Let us assume a system of two masses, m₁  moving with a velocity u₁ and the second body of mass m₂ to be at rest. After the collision, the first mass object starts moving with a velocity of v₁ and gets deflected by the angle θ₁ in the incident direction. Similarly, the second mass object starts moving with a velocity of v₂ and gets deflected by the angle θ₂ in the incident direction.

Now, we have, 

According to the law of conservation of linear momentum ,

For components along the x-axis, we have, 

m₁u₁ = m₁v₁cosθ₁ +m₂v₂cosθ₂   .. eq(1)

For components along y-axis,  we have, 

0=m₁v₁sinθ₁ -m₂v₂sinθ₂   ..eq(2)

Since, the system reduces to the availability of three equations and four unknown variables, solving the system with only these values becomes impossible. 

Sample Problems

Problem 1: A mass of 10 kg is traveling with a velocity of 30 m/s in the positive y-axis. The mass undergoes a collision with another object of mass 40 g moving along the negative y-axis at a speed of 50 m/s. Calculate the final velocity. 

Solution:

According to the law of conservation of momentum, therefore, 

Momentum before impact = Momentum After Impact

Equating the values, we get, 

10 × 30 + (.04) × (-50) = 10.04 v

Since, the 40g particle is moving in negative direction, we have, 

v = 29.68 m/s

Problem 2: There is an isolated system containing three masses, m₁ = m₂ = 2 m and m₃ = 3 m. All the masses travel in direction, but with the same initial velocity equivalent to v₀. The bodies collide and undergo an elastic collision. Compute the maximal possible final speed of each of the three bodies.

Solution:

Total initial kinetic energy in the system = 

\frac{1}{2}m_1v_0^2 + \frac{1}{2}m_2v_0^2 + \frac{1}{3}m_3v_0^2=3mv_0^2

The maximum speed is attained when the speeds of other particles is reduced to zero. 

Therefore,

\frac{1}{2}m_1(v_{1max})^2 = 3mv_0^2

Substituting the values of the masses, 

We get, 

v_1max = 2.45v₀

v_2max = 1.73v₀

v_3max = 1.41v₀

Problem 3: A sphere moving with a velocity vector strikes a vertical wall.

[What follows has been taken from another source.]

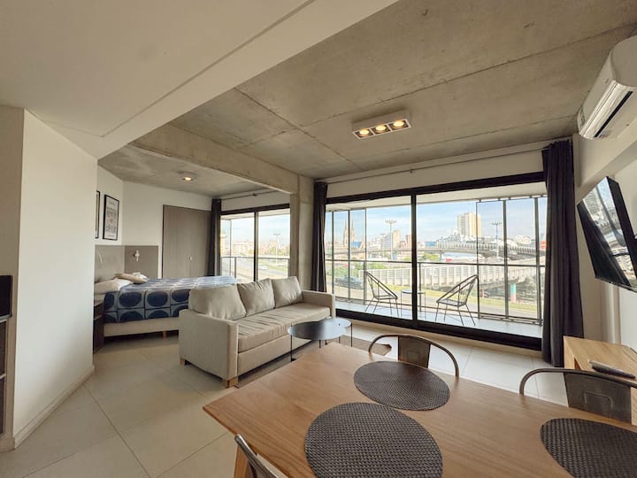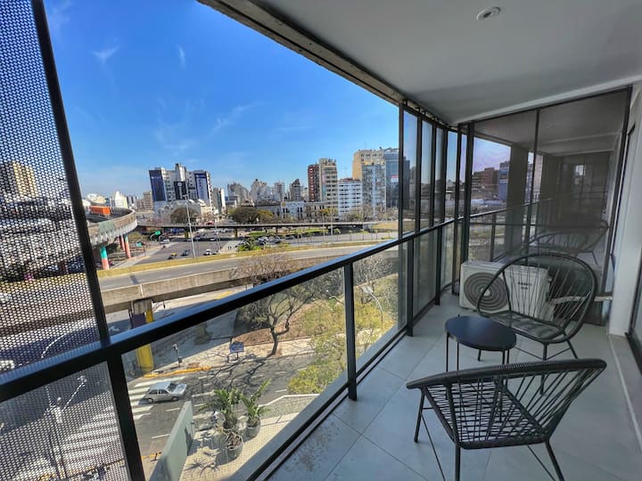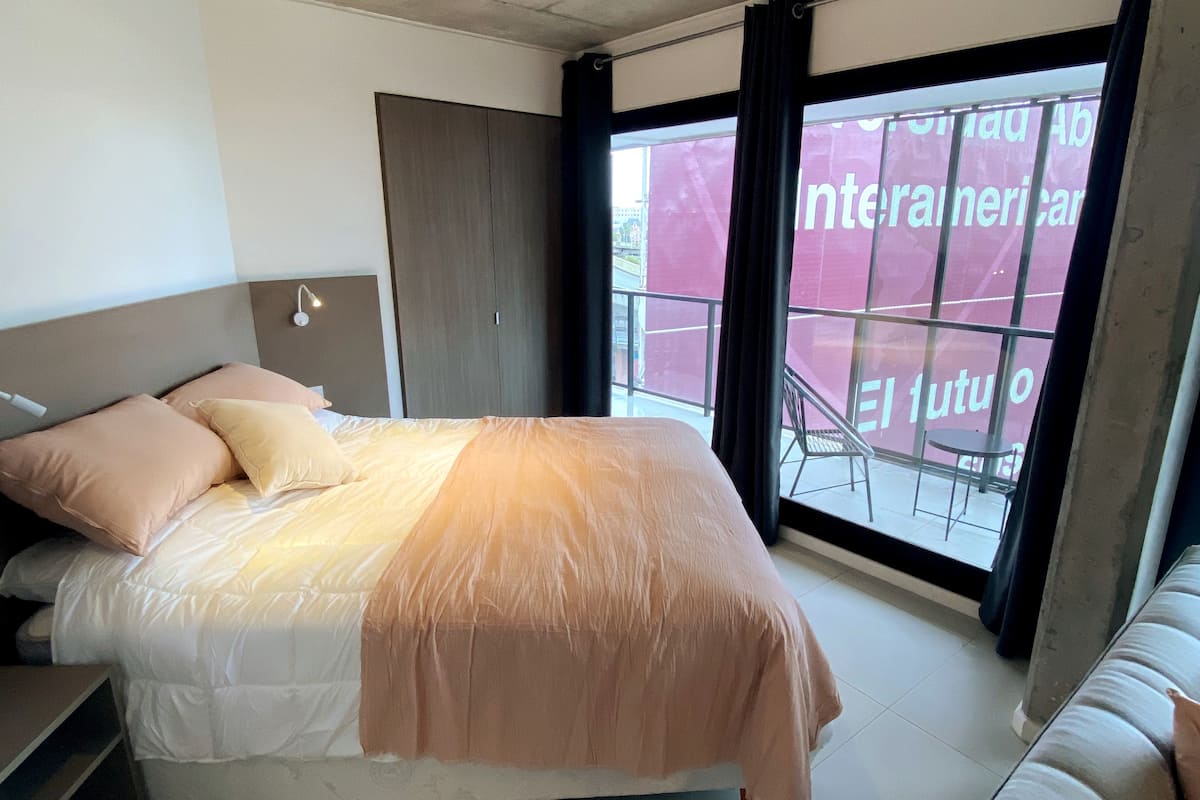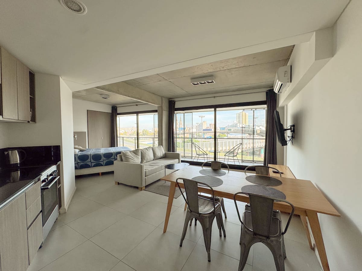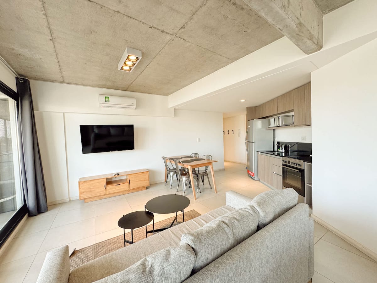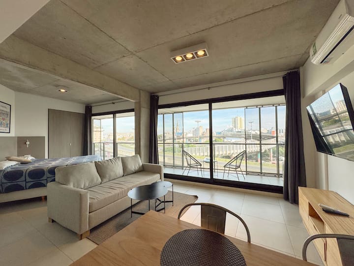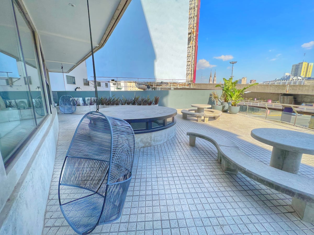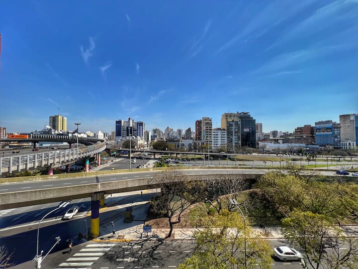Квартира-лофт с 1 спальней и балконом на Av 9 de Julio, вид на Avenida 9 de Julio. Новая, кухня оборудована, в гостиной установлена smart TV. Предусмотрены кофеварка, электрический чайник, посуда; установлен электронный замок с кодом для входа в здание. В здании есть coworking и coliving на 3-м этаже с быстрым Wi‑Fi, душевыми, большими столами, зонами для йоги и общей террасой с видом.

The wall is parallel to the velocity vector. The coefficient of restitution between the sphere and wall is e. What is the velocity vector of the sphere on hitting the ball?

Solution:

Computing the value, 

v_y = 2 m/s

v_x = -e × 2 = -1 m/s

\vec{v}=v_x\hat{i}+v_y\hat{j}=(-\hat{i}+2\hat{j})unit      

Problem 4: Consider a body of mass m kg moving with a speed u. The ball hits the floor elastically with an angle of incidence, in such a way, that the velocity before and after the collision remains the same. Also, the angle of rebound equals the angle of incidence. Let us assume the velocity towards the floor to be negative. What will be the change in momentum taken parallel to the surface?

Solution:

Since, we know, that the force acting on the body of mass 'm' is the normal reaction force of the surface. The change in momentum taken parallel to the surface will be equivalent to 0, since no parallel force acts on the ball.

Problem 5: Explain the aftermath repercussions when two unequal masses collide. 

Solution:

When two bodies of unequal mass collide, the force acting on both objects is not equal and opposite in nature. Both the interacting particles experience unequal accelerations during the collision because of the contact forces.